另一門考試是策論,也就是對具體疑難問題提出對策,論述解決思路和辦法,是為主觀題,也就是面對給定問題,給出自己的主觀觀點。我意,可出四五道題,題目可以是行政庶務,例如可以列舉一個刑案,要求考生作答如何判決定罪;可以列舉某處河道垮塌,要求作答該如何重新修筑、用料多少、發徭役幾人;再比如列舉一鄉之戶口、田土、物產,要求作答每年收取多少田賦、租稅、口算,發多少徭役等等。
策論前四道題為小題,字數可以要求不高;最后一道題是大題,字數和深度要區別于小題,要求寫成一道作文,框架清晰、論述有理。策論也賦分滿分一百分,也就是說,選題和策論都是滿分一百分,整個公車考試滿分就是兩百分。其中以選題為重,若出現同分情況,優先考慮選題分數高者。以此來考察考生,是否具備成為官吏所應有素質。
這個考試制度,恐怕還不好直接用于考察官秩過高的官吏,否則會引來世家豪族的一致反對,不妨在最開始時只對京中六百石及以下、州府內除了刺史和別駕從事、治中從事等主要佐官以外的官吏,郡府內除了太守、郡丞以外的官吏,縣衙內除了縣令、縣丞以外的官吏,即面向中低級文官和小吏推行。”
馬超滔滔不絕地將后世的公考制度,給粗略地說出來。但馬超并沒有盲目地選擇完全照搬,他認為以東漢的時代條件還不足以舉行面試,所以只提了其中筆試的兩門考試。
本來馬超是打算以科舉制度來取代賢良方正、孝廉和征辟的,但后來想想,還是公務猿考試制度更為嚴謹和實際一些。公車意思就是指用公家馬車來接送經過考舉的人才,因此馬超便把公務猿考試制度改為公車考試制度。

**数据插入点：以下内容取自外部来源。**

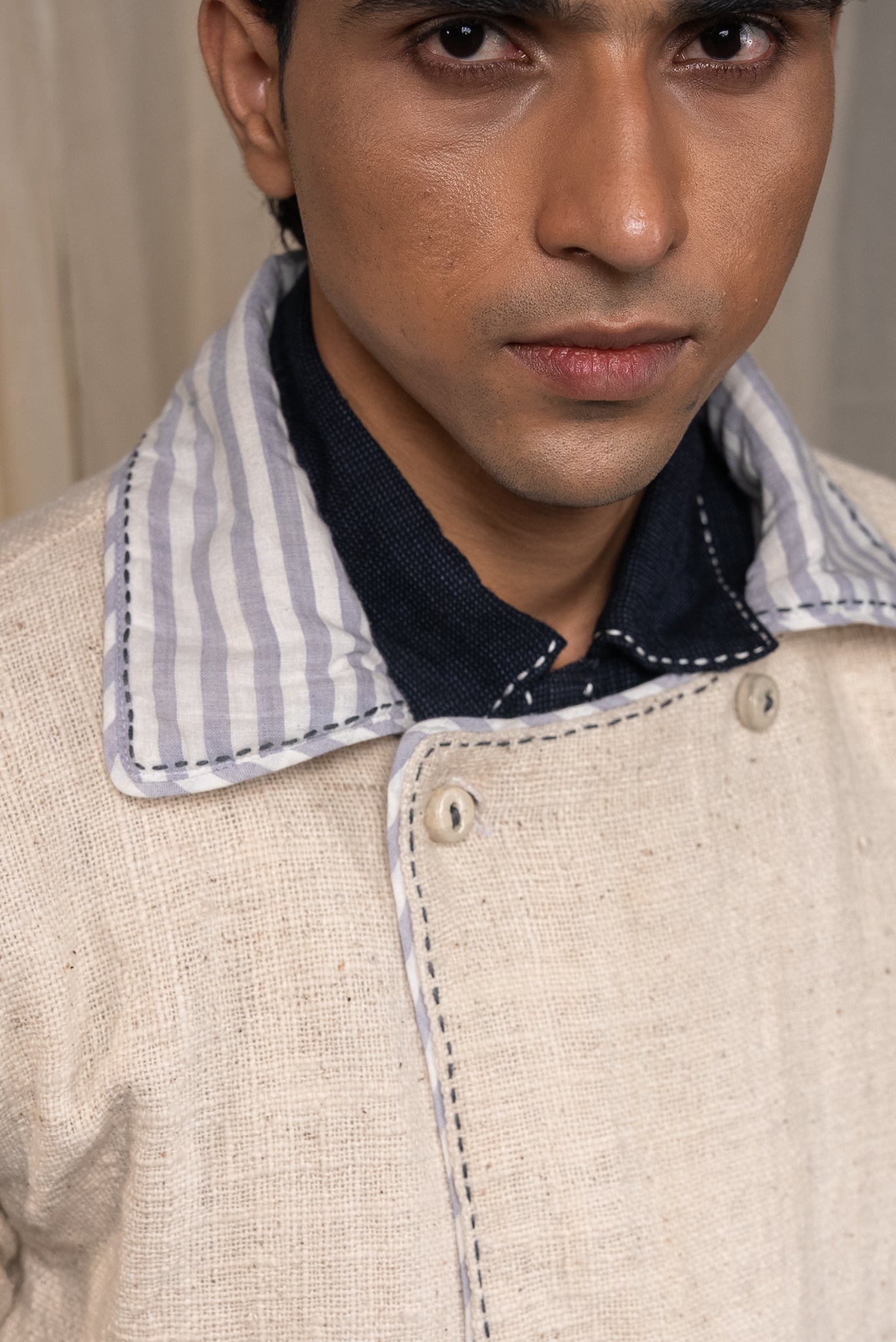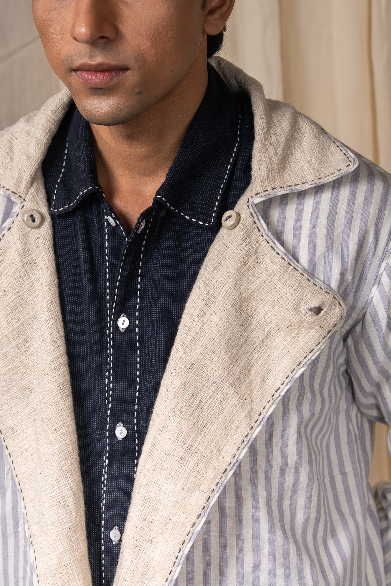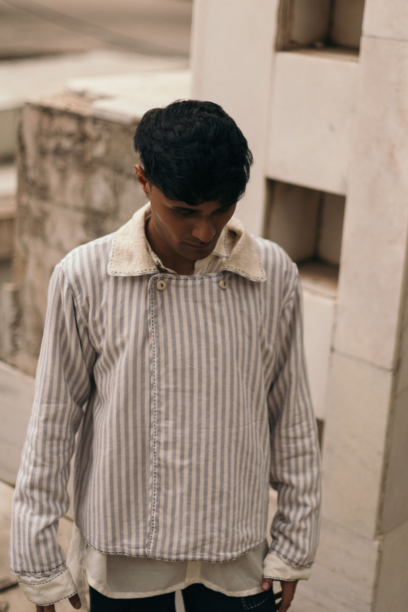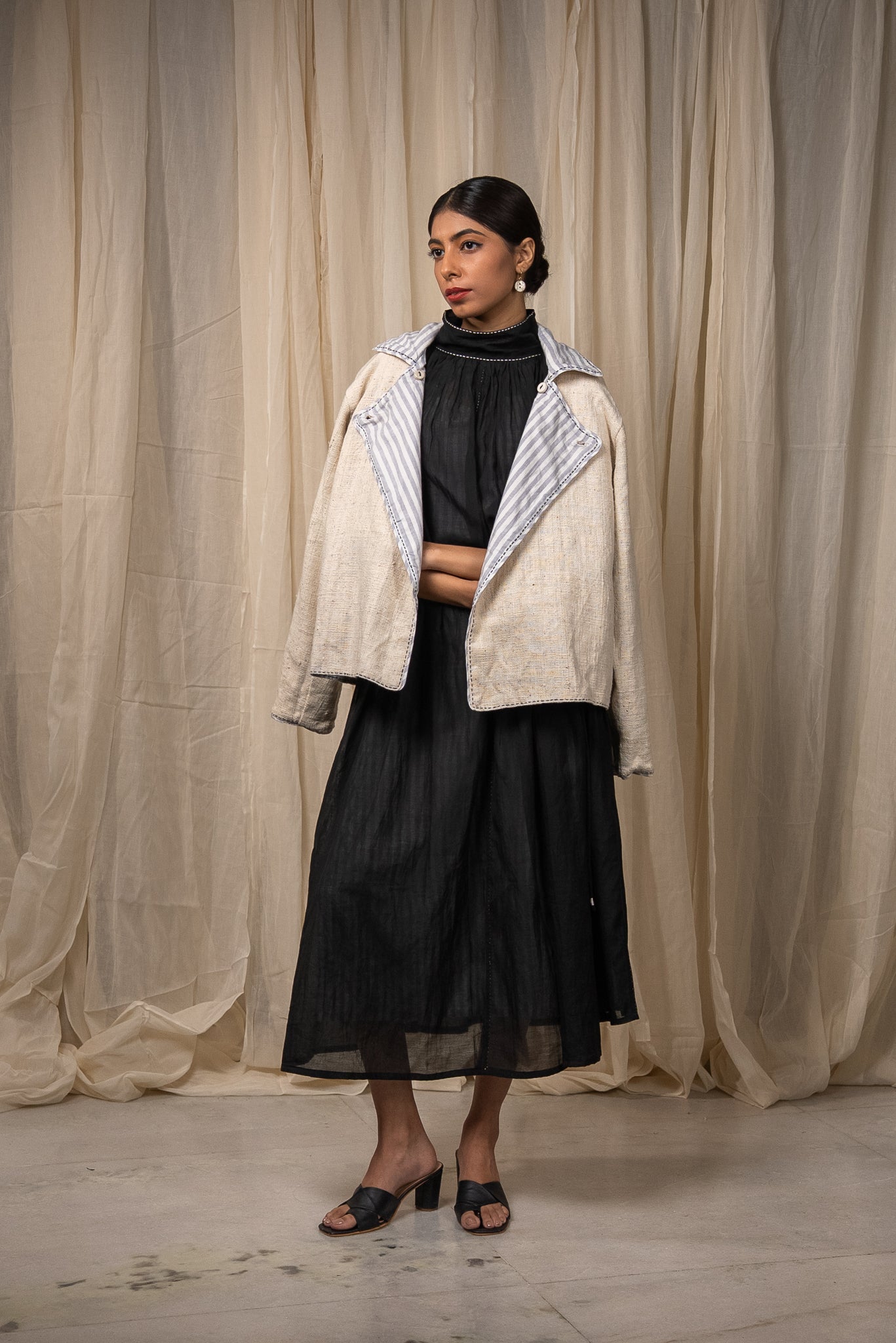 Made from 100% cotton fibres and natural materials, the In-Out Reversible Cropped Jacket brings together two handwoven fabrics - undyed and unbleached zero-count cotton on one side and grey striped cotton on the other. The surface is detailed with minimal hand-done Kantha embroidery, creating quiet linear texture across the fabric.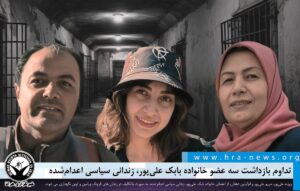 خبرگزاری هرانا – روزبه علیپور، مریم علیپور و امالبنین دهقان، از اعضای خانواده بابک علیپور، زندانی سیاسی اعدام شده، ۷۶ روز است که بازداشت شدند و به صورت بلاتکلیف در زندان های قرچک ورامین و اوین نگهداری میشوند.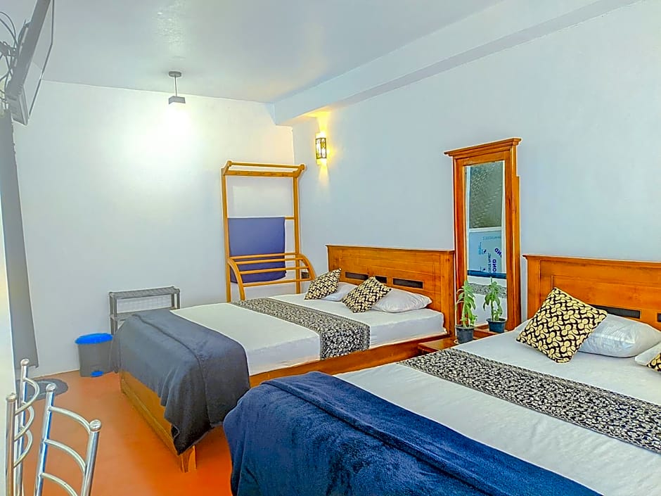 The hotel offers a variety of room types including Family Rooms with Private Bathroom, Triple Rooms with Bathroom, Standard Double Rooms for single occupancy, and Deluxe Family Rooms. The rooms accommodate between 2 to 6 adults and may include a Twin, Queen, or Double bed. All rooms are non-smoking and range in size from 97 to 237 sqft.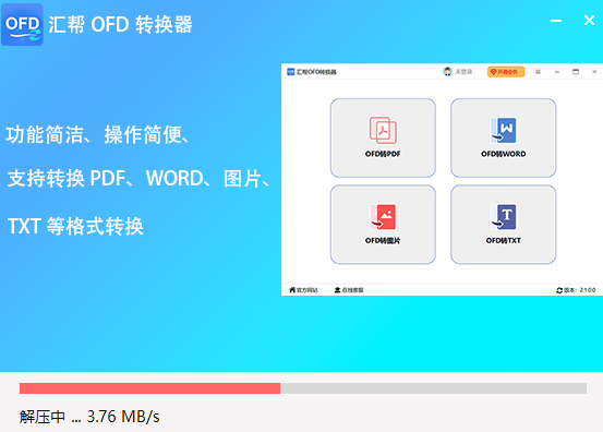 汇帮OFD转换器是一款支持批量OFD文件转换格式的工具,并且能提供其他格式转OFD、OFD转其他格式的功能。软件还支持OFD合并、分割、OFD图片提取、页面提取等功能。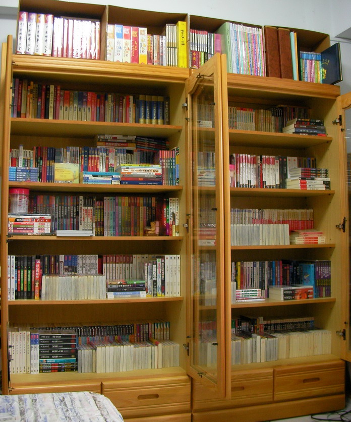 我也應該來買個有門的書櫃,比較不積灰塵.不過有門的櫃子都太深,只能學版主”讓作者自己遮自己”這一招了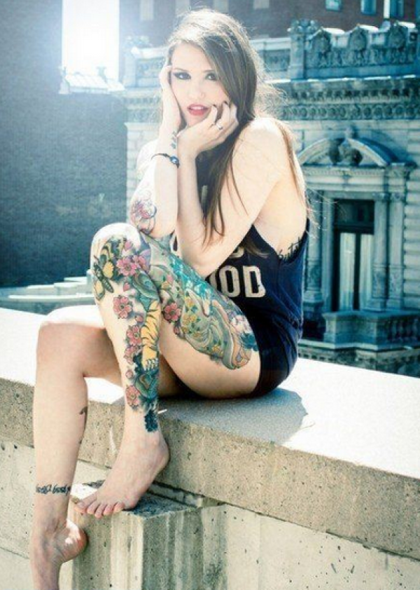 女孩腿部唯美刺青_腿部纹身图案大全_纹身图吧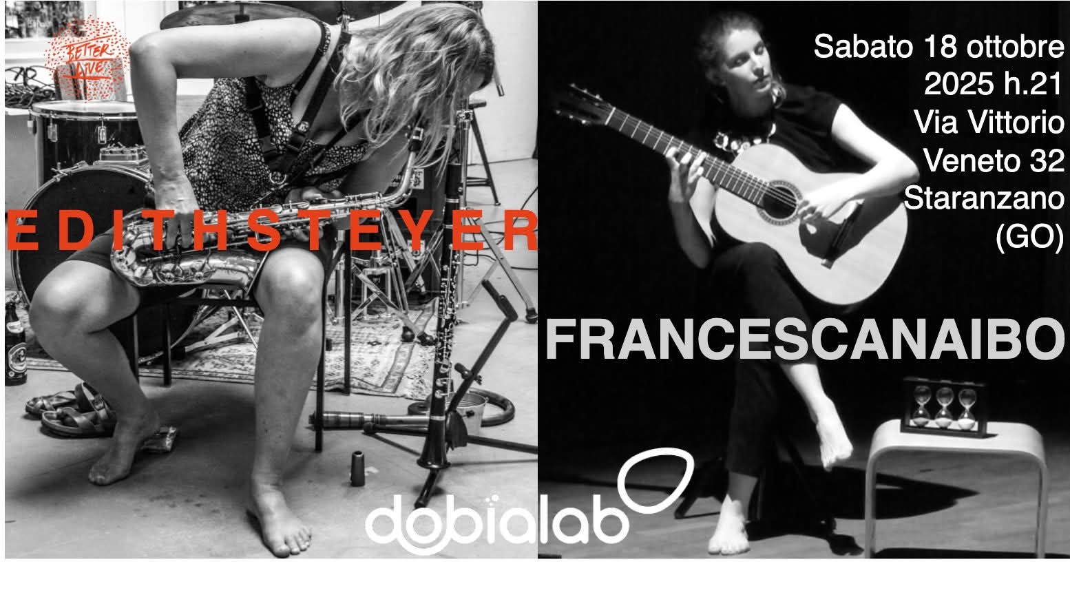 Sabato 18 ottobre – h 21.30 – DobiaLab (Via Vittorio Veneto, 32, Staranzano) EDITH STEYER & FRANCESCA NAIBO (Sassofono & chitarra) SMITHSONIAN FOLKWAYS, in cammino sulle Folkways (Presentazione) Cosa aspettarsi Better Live è un progetto internazionale che durerà fino all’agosto 2026 e che si impegna per una circolazione sostenibile dei musicisti in Europa, tenendo conto … Read moreTorna BETTER LIVE a DobiaLab!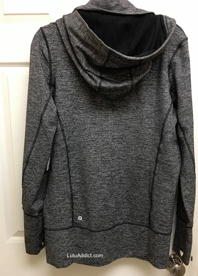 I liked the Black Stride II Jacket I ordered the other week so much that I went back to order the Heathered Black. Here are some detail photos for those of you who own older Strides or are new to Strides (like me) and are in the market for a longer jacket. Unlike the Define, the Stride has roomy upper arms. I took a few measurements for you: the armpit to hem length in my size 12 is 19.75" and the length from the hood attachment point on the shoulder to hem length is 28.75". The pit to pit width measurement is 20". The jacket has double zippers. I've read criticism that the front pocket entry is a little small and I have to agree. Fortunately, there are two interior pockets, similar to the Define, which is where I stash my phone. The Heathered Black is super soft but I suspect it's the type of luon that tends to pill easily which is going to show up in the armpit area the most on this jacket. If you want a workhorse Stride that you are going to wear a ton I'd recommend the Black or Heathered Slate. I seem to remember people sizing down in this jacket but I want to layer under it so I am not. I hope lululemon makes more colors of these. I'm really glad lululemon brought these back.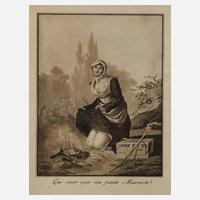 junge, am Feuer sitzende Frau mit freundlichem, dem Betrachter zugewandtem Blick, unter der Darstellung bezeichnet „Qui veut voir ma petite Marmotte“, lavierte Tuschezeichnung, 1. Hälfte 19. Jh., minimale Altersspuren, hinter Glas gerahmt, Darstellungsmaße ca. 19 x 15,2 cm, Blattmaße ca. 26,5 x 19 cm.
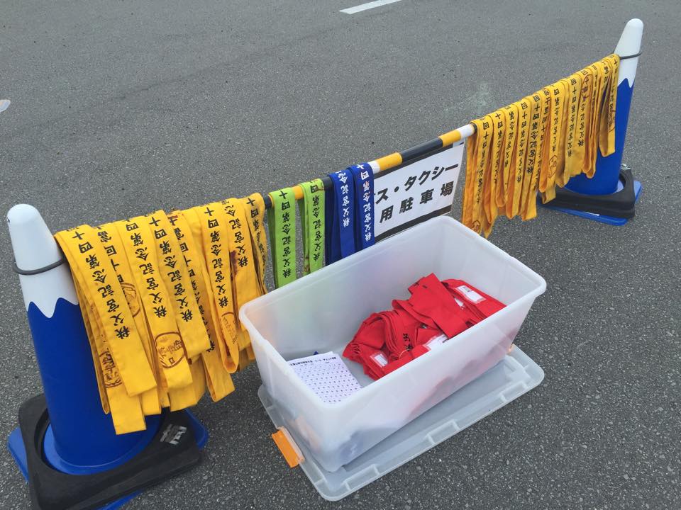 黄色が太郎坊関門に間に合わず、回収された襷。山頂の朱印に混じって、転倒時の血がついているものもある。赤が復路太郎坊から一斉スタートに使用される襷。残っているということは、使用されず、襷がつながったということ。その数が圧倒的に少ないのがわかる。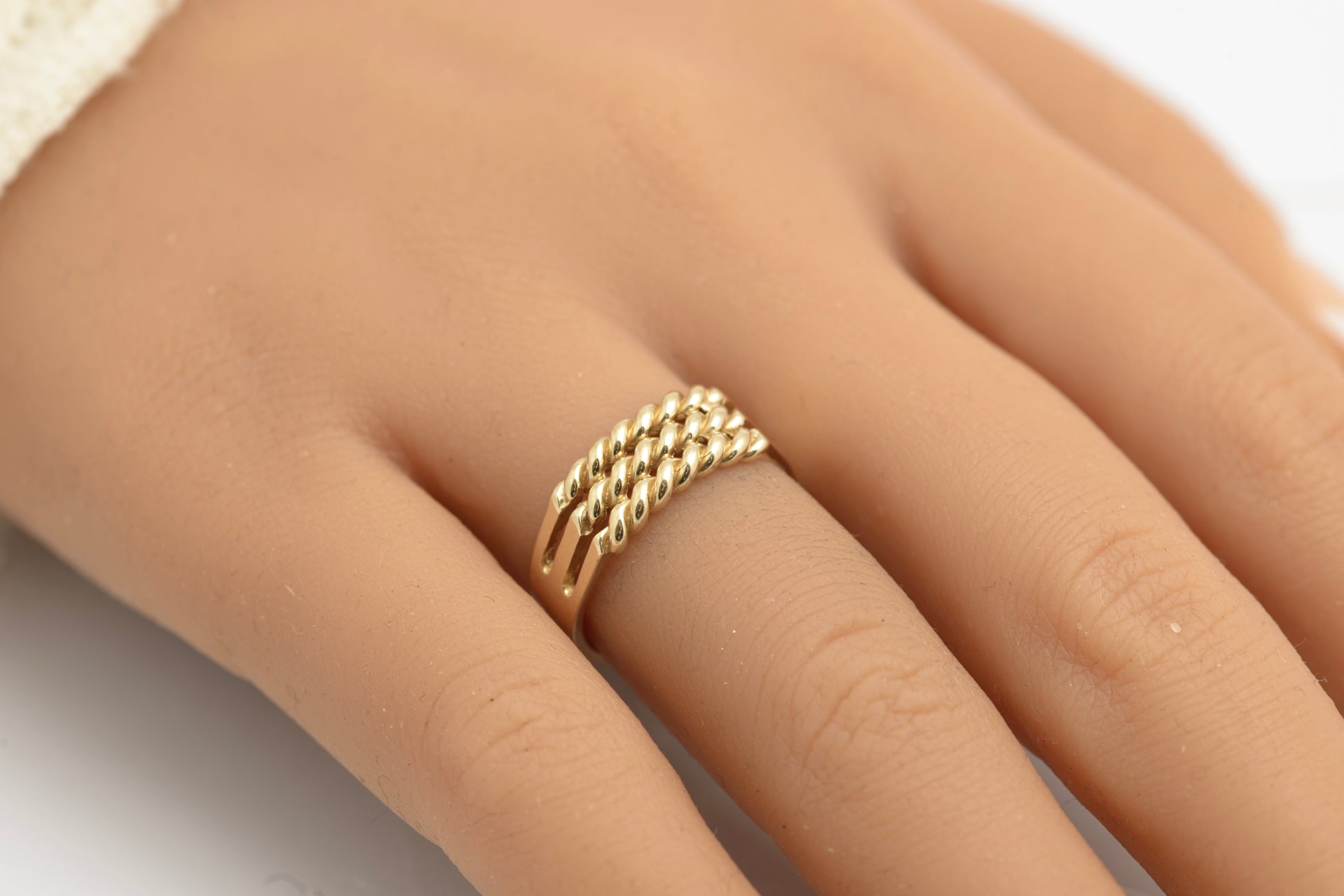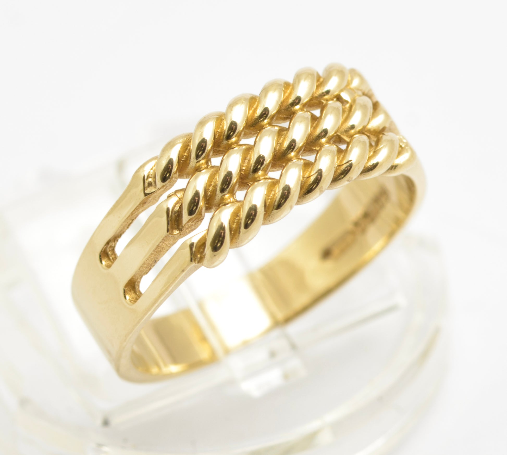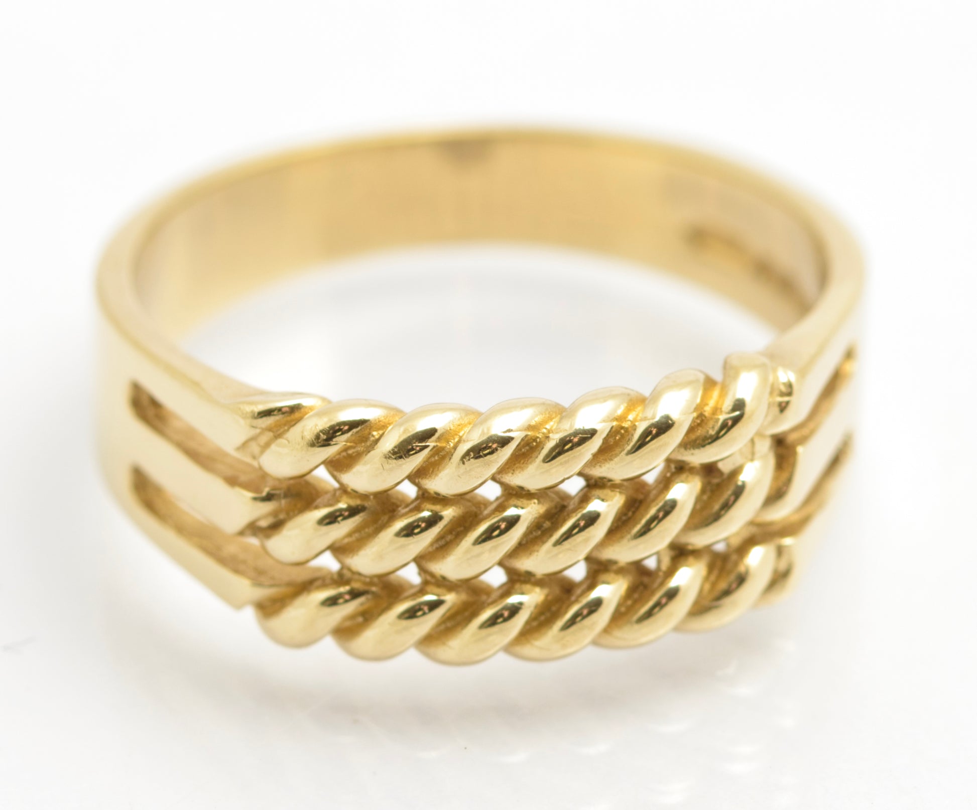 A solid 9ct gold ring in keeper style but with a rope twist three bar head. Cut out detail to the shoulders tapering to a plain band. Nicely made with an interesting look. Would suit men or women. Inside the band it has a full hallmark from the London assay office with date letter for 1994. The makers mark is I & BJ.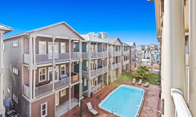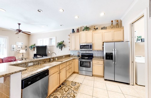 With a sparkling shared pool right outside your door and the beach just across the road, a stay at this beach home is sure to please everyone in your group! Spread out over three floors, this spacious vacation rental features a well-equipped, full kitchen with stainless steel appliances and a breakfast bar, a cozy, sunlit living area with a cable-equipped flatscreen TV, and French Door access out to a furnished balcony. You'll also find a furnished patio on the ground floor that puts you just steps away from the pool.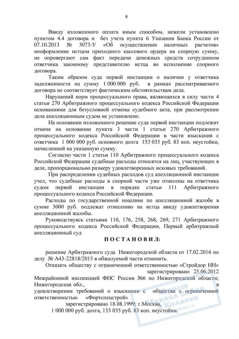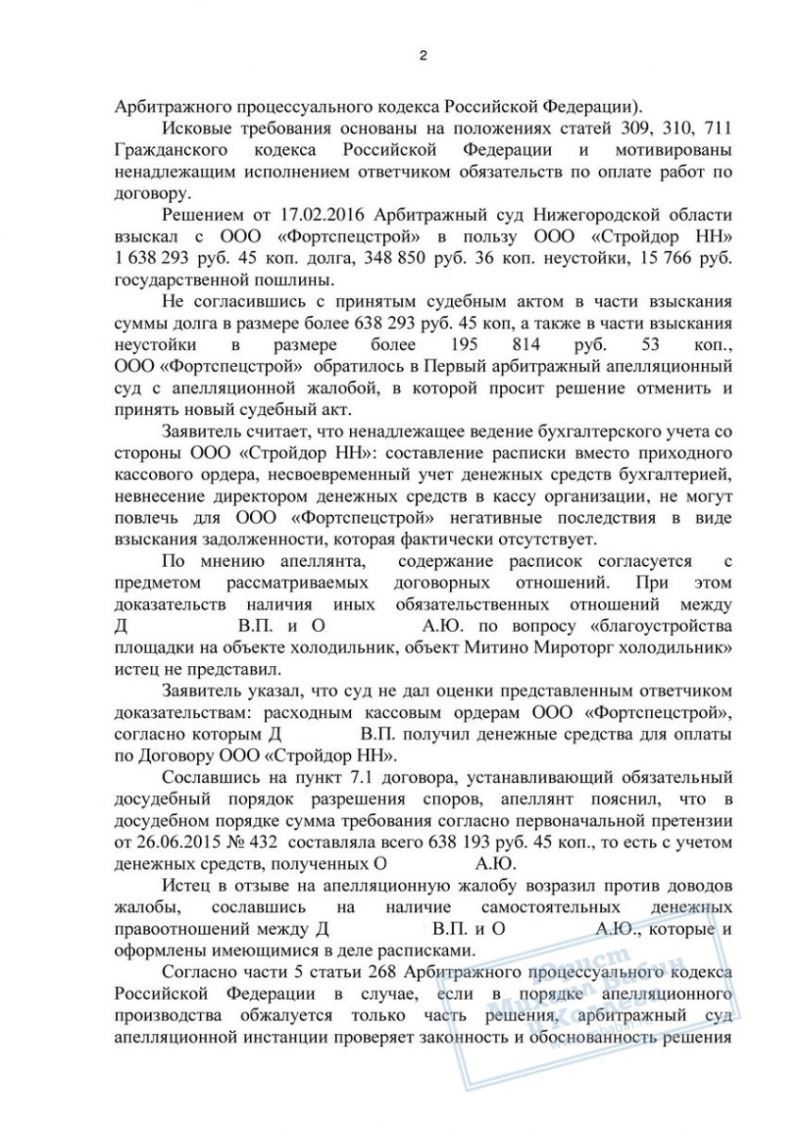 С помощью юриста нашей фирмы ООО "Ф" подала апелляционную жалобу, так как "С" умолчали о выплаченном ранее 1 млн. рублей, на который была оформлена расписка. На новом судебном заседании долг наших клиентов был пересмотрен и уменьшен на 1000 000 рублей долга и 153 000 рублей неустойки.

并且馬超也不敢直接面向高級文官、尤其是地方上的州官們,也就是刺史、別駕、治中;郡太守、郡丞和縣令、縣丞這四位郡縣府衙最重要的一二把手進行考核。如果動了這些州郡縣主官和副職,很可能會引發眾多世家豪族的強烈反應,弄不好某個刺史、太守不高興就直接反叛了,比如反叛的張舉,原先就是泰山太守。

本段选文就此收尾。